Sowohl in der Ukraine- wie auch in der Corona- und Klima-Debatte wurde und wird der Wertbegriff der Solidarität (gegenüber künftigen Generationen) benutzt, um an das Einhalten politischer Verordnungen zu appellieren.
So gerät jede Abweichung zum unsolidarischen und daher unmoralischen Verhalten. Das galt während der Corona-Krise auch für wissenschaftliche Arbeiten, welche Maßnahmen oder später die mRNA- und Vektor-Präparate kritisch untersuchten.
In der deutschen Corona- und Klima-Debatte gewinnt die Moralisierung eine besondere Qualität durch den Begriff des "Leugners", der nicht nur diskutable wissenschaftliche Befunde zu unbestreitbaren Tatsachen umdeutet, sondern den Zweifel zugleich in den unmittelbaren Kontext der nationalsozialistischen Menschheitsverbrechen stellt und damit maximal tabuisiert.
Auch andere Disziplinen sind mit ähnlichen Tabus belegt, nur heißen die Leugner dort wahlweise Rassisten oder Transphobiker.
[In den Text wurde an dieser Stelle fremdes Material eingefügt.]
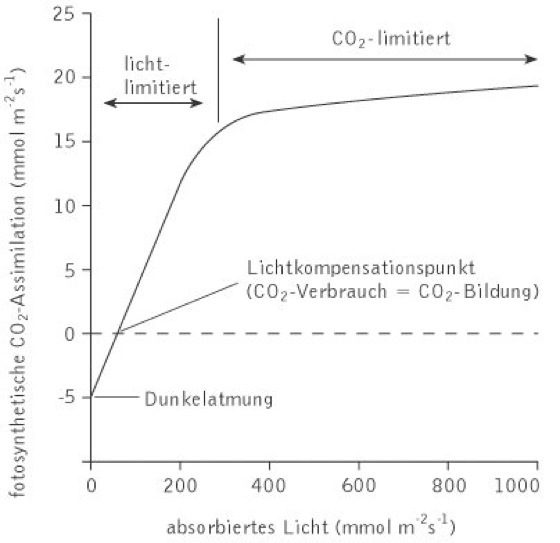 Fotosynthese: Abhängigkeit der Fotosynthese von der Beleuchtungsstärke am Beispiel einer C3-Pflanze. Während der Dunkelatmung kommt es zu einer Nettoproduktion von CO2, erst beim Erreichen einer bestimmten Beleuchtungsstärke wird CO2 in Form von Kohlenhydraten fixiert (Lichtkompensationspunkt). In Abhängigkeit von der einfallenden Lichtmenge ist die fotosynthetische CO2-Assimilation lichtlimitiert bzw. CO2-limitiert
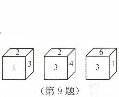 9. 有一个正方体木块,它的6个面分别标有数字1~6,如图是从不同方向看到的这个正方体木块上的数字,则数字6对面的数字是【
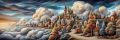 Enchanted Village at Dusk: A Canvas of Mystical Clouds and Timeless Architecture

Sandra Kostner und das Netzwerk Wissenschaftsfreiheit können ein Lied davon singen.
"Wenn es um das Thema Identitätspolitik geht, ist die Moralisierung mittlerweile so stark, dass Sie gewisse Untersuchungen gar nicht mehr anstellen können, ohne dass Sie sich den Vorwurf der Diskriminierung einhandeln", sagt Kostner.
Arbeitsforschung, die biologische Prädispositionen bei als Erklärungsfaktor für typische weibliche und männliche Berufswahl in den Blick nimmt? Migrationsforschung, die integrative Bemühungen der Migranten, Unterschiede in der schulischen Leistungsbereitschaft oder gar positive Aspekte einer Assimilation untersucht? So gut wie undenkbar, sagt Kostner.
"In diesen Bereichen hat sich die Philosophie des 'research must do no harm' durchgesetzt", so die Historikerin, "es werden kaum mehr Themen mehr angeschnitten, die als 'stigmatisierend' empfunden werden könnten."
Bei den ganz Wohlmeinenden unter den Forschern gipfele diese Sorge im Phänomen der "Forschung mit Haltung", einer, wie Kostner es ausdrückt, "politischen Selbstmandatierung".